Двери и впрямь были красоты необычайной: огромные, величественные,
сплошь покрытые резьбой. Пожалуй, они даже превосходили великолепием те,
что француз Леонард изготовил для Гнезно и для цвифальтенской обители.
- А вот княжеская чета, - показал епископ.
И Генрих увидел небольшие фигурки Болеслава и Верхославы - оба стояли,
молитвенно сложив руки. Крошечные лица были невыразительны, непохожи.
Только строгое монашеское платье Верхославы ниспадало такими же прямыми,
жесткими складками, как в тот день, когда они вдвоем молились в костеле
святого Адаукта.
18
Возвращение из Плоцка в Сандомир вспоминалось Генриху как смутный сон.

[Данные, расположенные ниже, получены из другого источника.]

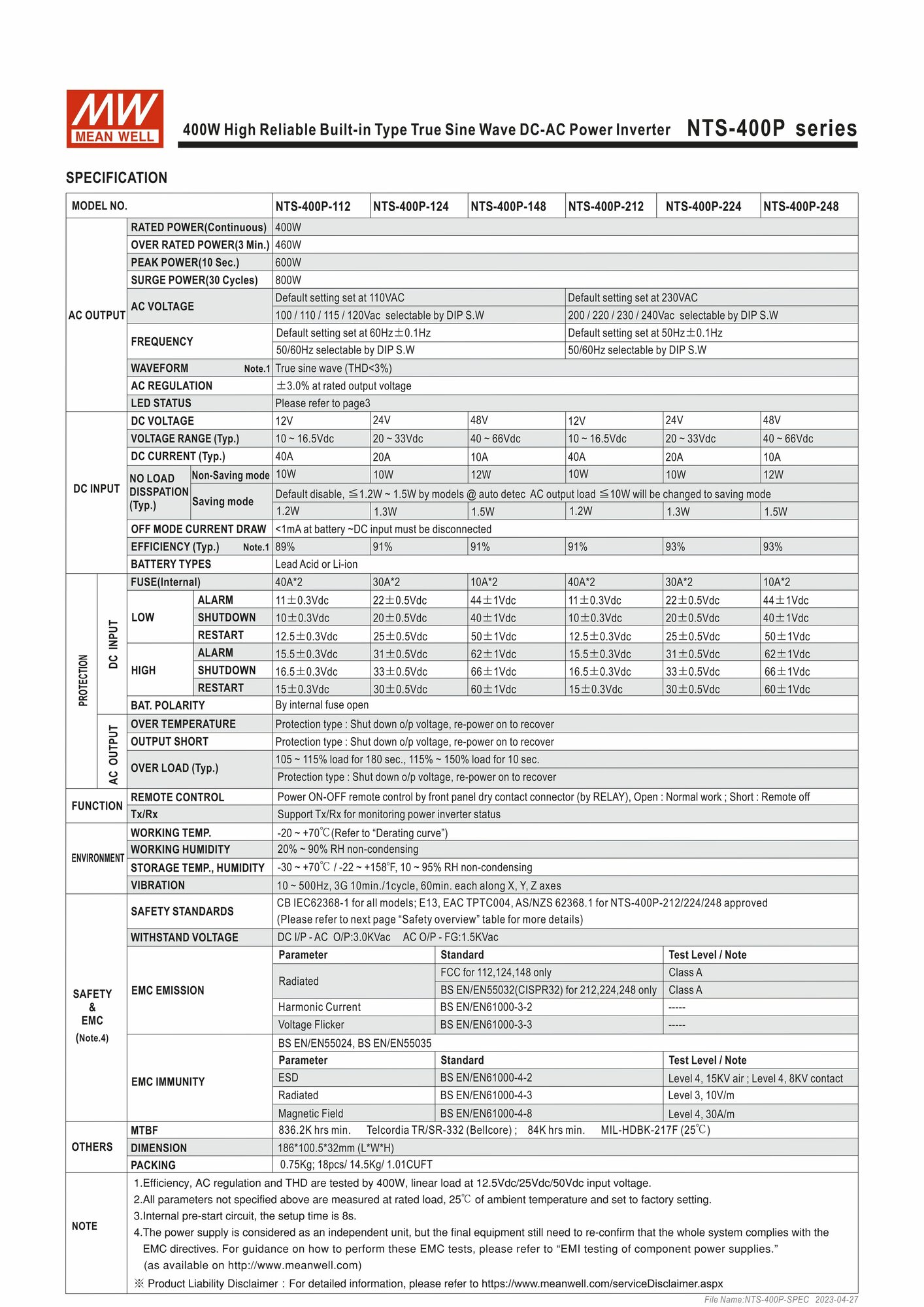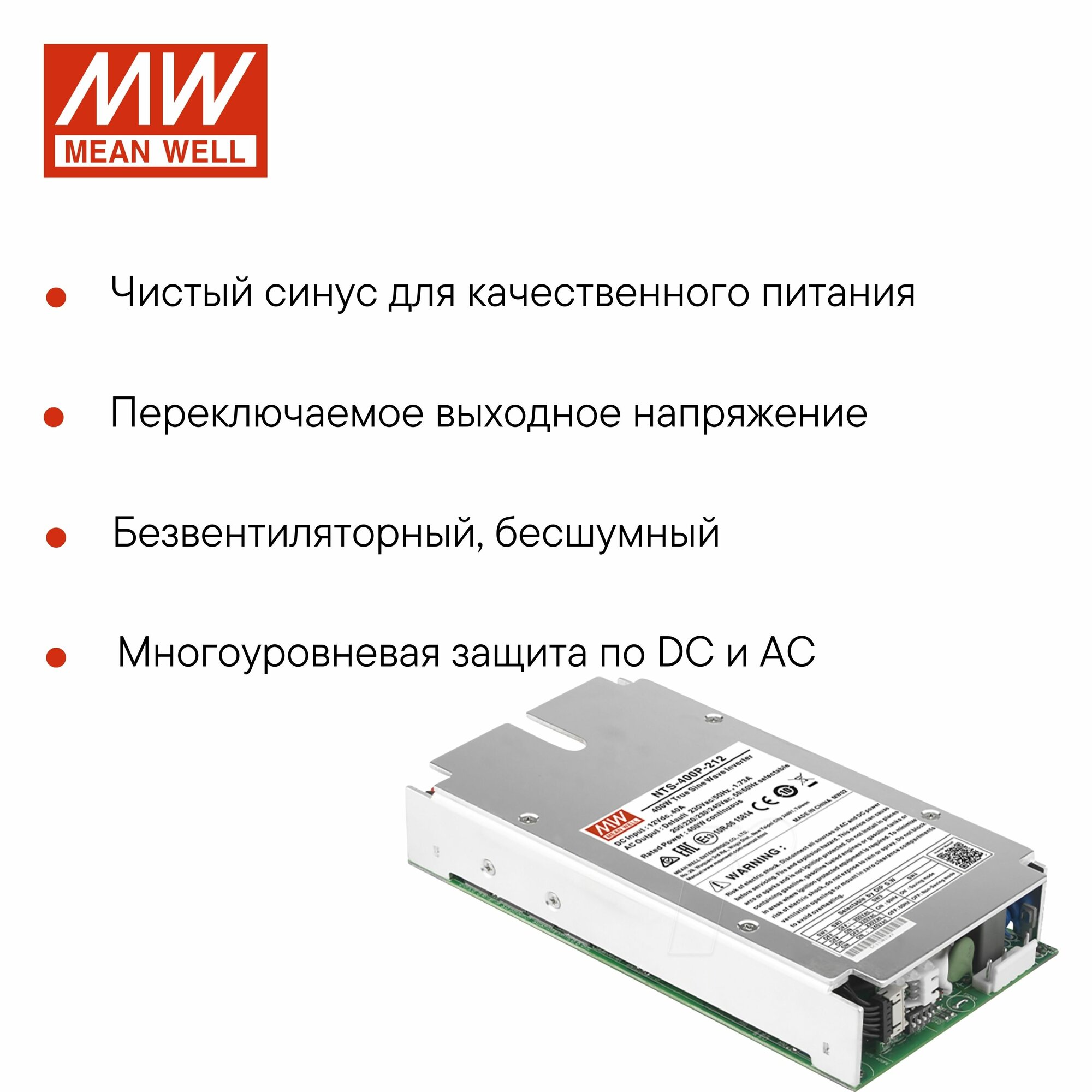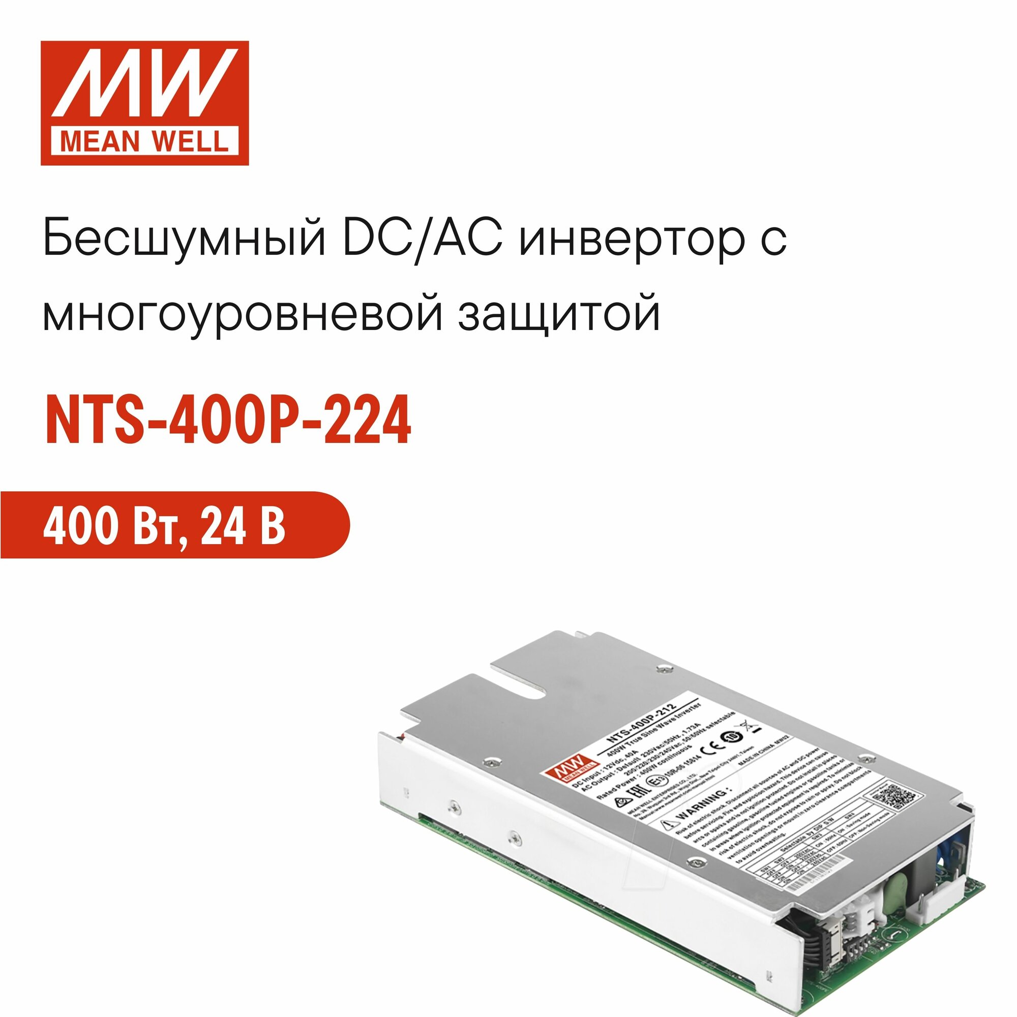 Инвертор MEAN WELL NTS-400P-224, резервный ИБП, 400 Ватт, 24-230V интересное:

Они долго, томительно долго плыли вверх по реке, корабли время от времени
тянули на бечевах, если берег был подходящий. Вместе с ним ехал Казимир, а
Болек отстал на полпути под предлогом, что должен посетить крепость,
кастелян которой давно не подает признаков жизни. Отстал и корабль, везший
Марию и детей Верхославы. Прочие корабли продолжали путь по широко
разлившейся Висле, мутные волны которой катились им навстречу. Старший над
гребцами, опытный мореход, прибывший в Польшу из далеких северных краев,
все оправдывался перед Генрихом, что плавание так затянулось.
- На море дело шло бы веселей! - повторял он.
Но Генрих не замечал, быстро ли, медленно ли они движутся, - ему это
было безразлично.
Наконец они все же завершили свое плавание по пустынным, бескрайним,
как море, водным просторам и причалили к сандомирскому берегу. Плеск воды,
шум деревьев, готовившихся одеться зеленью, да глухие звуки бубнов, под
которые лесовики собирались на весенние празднества, - вот и все, что
осталось в памяти Генриха от этого путешествия. Потом кастелян Грот,
старый Вшебор и Казимир начали каждый божий день являться к нему со
всякими делами, в которых он ничего не смыслил, с будничными, скучными
вопросами, от которых Генрих рад бы, да не мог отмахнуться. Например, как
быть с бобрами и бобровыми гонами на реках Ниде и Каменной? Священники
уверяли, что бобровые гоны на Ниде и на Каменной с незапамятных времен
отданы в пользование краковским епископам а княжеские люди божились, что
все это неправда, что спокон веку сандомирский кастелян охотился на бобров
как хотел и когда хотел, только бы получил такой приказ от князя. Но бобры
и другие подобные дела нисколько не занимали Генриха. Близилась пасха, и
он благоговейно готовился к этому торжеству, решив отпраздновать его в
свентокжиском монастыре на Лысой горе. Там ему наверняка удастся побыть в
одиночестве и привести в порядок взбудораженные мысли.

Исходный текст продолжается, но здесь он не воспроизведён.